**Data excerpt**:
-=-=-=-=-

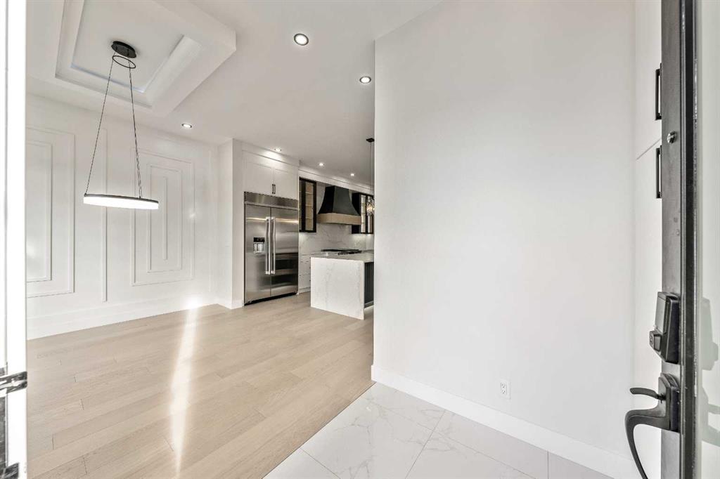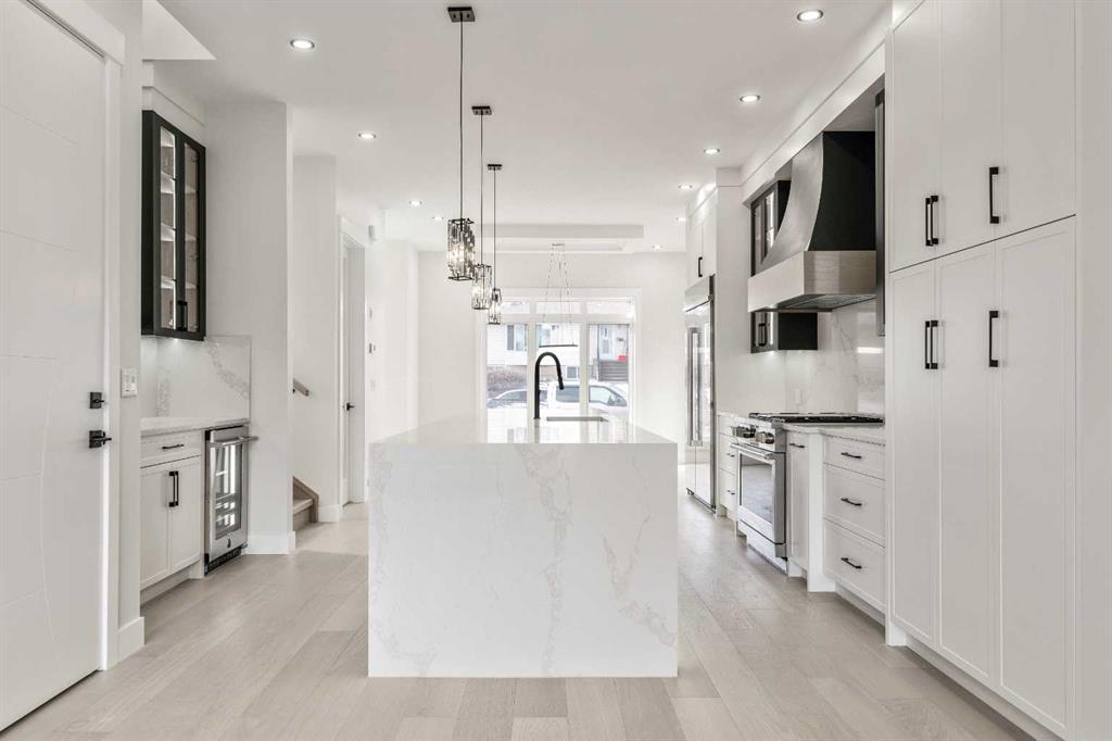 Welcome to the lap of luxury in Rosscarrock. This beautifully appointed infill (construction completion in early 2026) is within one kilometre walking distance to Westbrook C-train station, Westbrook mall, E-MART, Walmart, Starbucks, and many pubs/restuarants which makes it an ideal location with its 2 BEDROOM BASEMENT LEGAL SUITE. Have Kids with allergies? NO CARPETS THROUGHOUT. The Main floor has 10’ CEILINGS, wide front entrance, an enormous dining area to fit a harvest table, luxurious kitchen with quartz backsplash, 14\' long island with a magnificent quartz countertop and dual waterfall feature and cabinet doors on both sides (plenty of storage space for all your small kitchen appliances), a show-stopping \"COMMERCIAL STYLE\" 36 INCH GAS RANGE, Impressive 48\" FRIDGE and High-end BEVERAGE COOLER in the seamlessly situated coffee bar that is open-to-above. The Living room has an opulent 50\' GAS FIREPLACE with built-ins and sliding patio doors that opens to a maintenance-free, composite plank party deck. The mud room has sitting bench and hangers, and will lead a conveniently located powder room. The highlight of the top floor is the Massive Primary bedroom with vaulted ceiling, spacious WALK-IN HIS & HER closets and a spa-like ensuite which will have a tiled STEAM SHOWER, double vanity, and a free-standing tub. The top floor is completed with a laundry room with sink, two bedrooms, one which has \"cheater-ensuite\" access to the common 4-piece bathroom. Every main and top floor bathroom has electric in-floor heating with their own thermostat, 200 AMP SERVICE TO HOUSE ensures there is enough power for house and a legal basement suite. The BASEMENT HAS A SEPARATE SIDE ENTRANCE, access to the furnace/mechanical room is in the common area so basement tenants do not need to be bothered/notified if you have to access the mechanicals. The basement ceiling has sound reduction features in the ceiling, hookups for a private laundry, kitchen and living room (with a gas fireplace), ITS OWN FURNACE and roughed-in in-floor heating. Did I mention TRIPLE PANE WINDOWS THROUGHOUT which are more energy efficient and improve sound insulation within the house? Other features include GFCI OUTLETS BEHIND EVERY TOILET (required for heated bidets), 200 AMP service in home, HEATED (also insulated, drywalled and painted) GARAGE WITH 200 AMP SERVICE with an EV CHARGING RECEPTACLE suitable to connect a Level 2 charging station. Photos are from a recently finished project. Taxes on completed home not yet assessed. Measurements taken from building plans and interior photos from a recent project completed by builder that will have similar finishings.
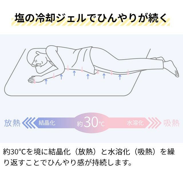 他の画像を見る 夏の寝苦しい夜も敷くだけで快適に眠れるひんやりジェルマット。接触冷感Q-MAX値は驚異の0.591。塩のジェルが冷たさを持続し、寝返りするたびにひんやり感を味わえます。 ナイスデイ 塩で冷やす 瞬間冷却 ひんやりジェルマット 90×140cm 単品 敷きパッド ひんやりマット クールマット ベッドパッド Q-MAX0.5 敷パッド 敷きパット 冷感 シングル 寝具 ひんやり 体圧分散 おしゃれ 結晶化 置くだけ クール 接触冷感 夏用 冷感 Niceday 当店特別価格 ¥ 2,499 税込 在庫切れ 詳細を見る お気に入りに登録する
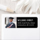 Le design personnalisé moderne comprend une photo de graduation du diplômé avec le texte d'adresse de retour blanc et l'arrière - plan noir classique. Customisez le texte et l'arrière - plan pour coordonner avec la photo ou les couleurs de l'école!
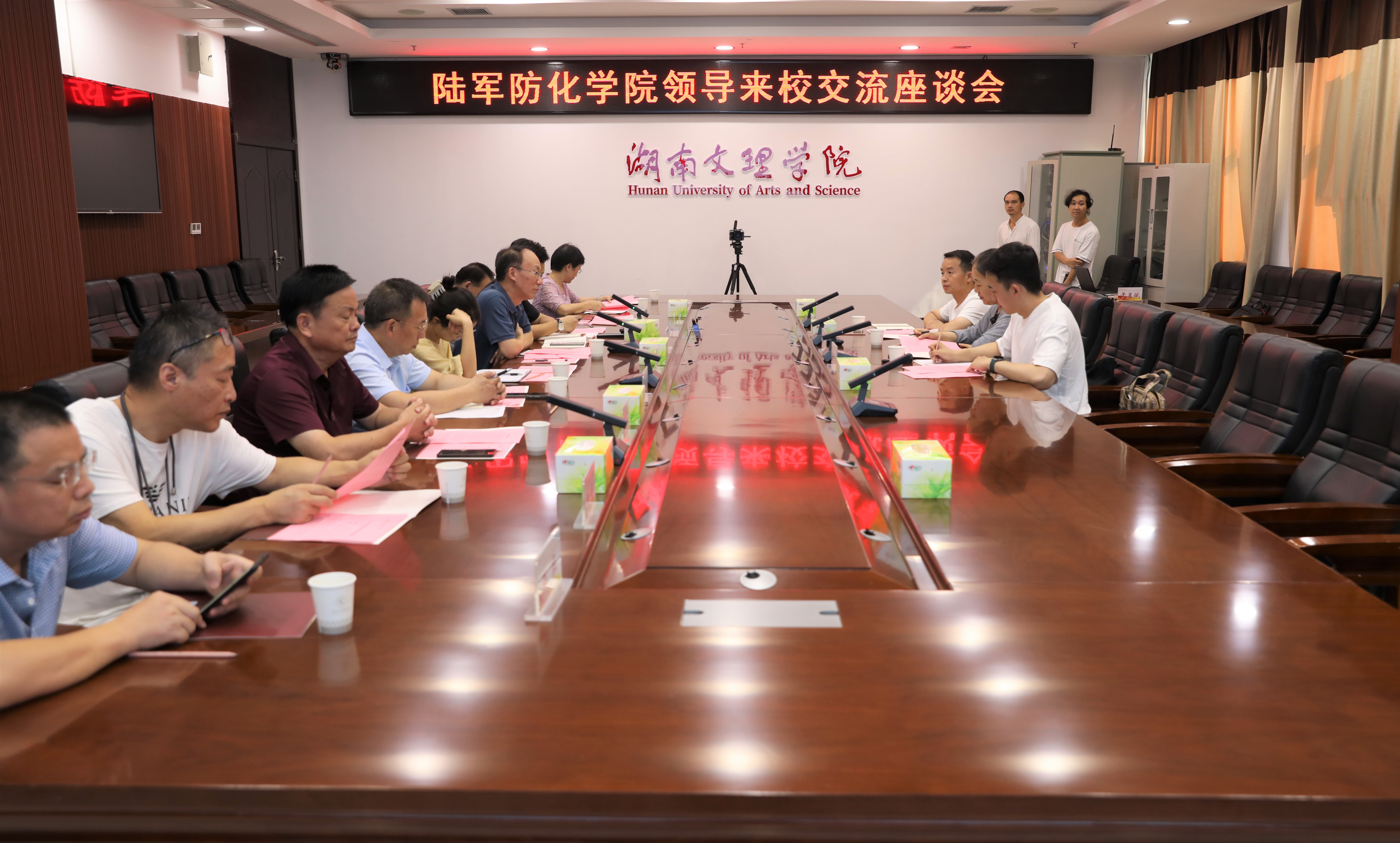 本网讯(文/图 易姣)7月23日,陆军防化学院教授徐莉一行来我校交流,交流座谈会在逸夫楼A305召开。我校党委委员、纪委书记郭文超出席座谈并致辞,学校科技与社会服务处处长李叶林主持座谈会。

-=-=-=-=-

**Action item**: Retype, word for word, only the lines from the line with "Le design personnalisé" to the final line of the listing above; the pictures do not belong in the copy.

**Output**:
 Le design personnalisé moderne comprend une photo de graduation du diplômé avec le texte d'adresse de retour blanc et l'arrière - plan noir classique. Customisez le texte et l'arrière - plan pour coordonner avec la photo ou les couleurs de l'école!
 本网讯(文/图 易姣)7月23日,陆军防化学院教授徐莉一行来我校交流,交流座谈会在逸夫楼A305召开。我校党委委员、纪委书记郭文超出席座谈并致辞,学校科技与社会服务处处长李叶林主持座谈会。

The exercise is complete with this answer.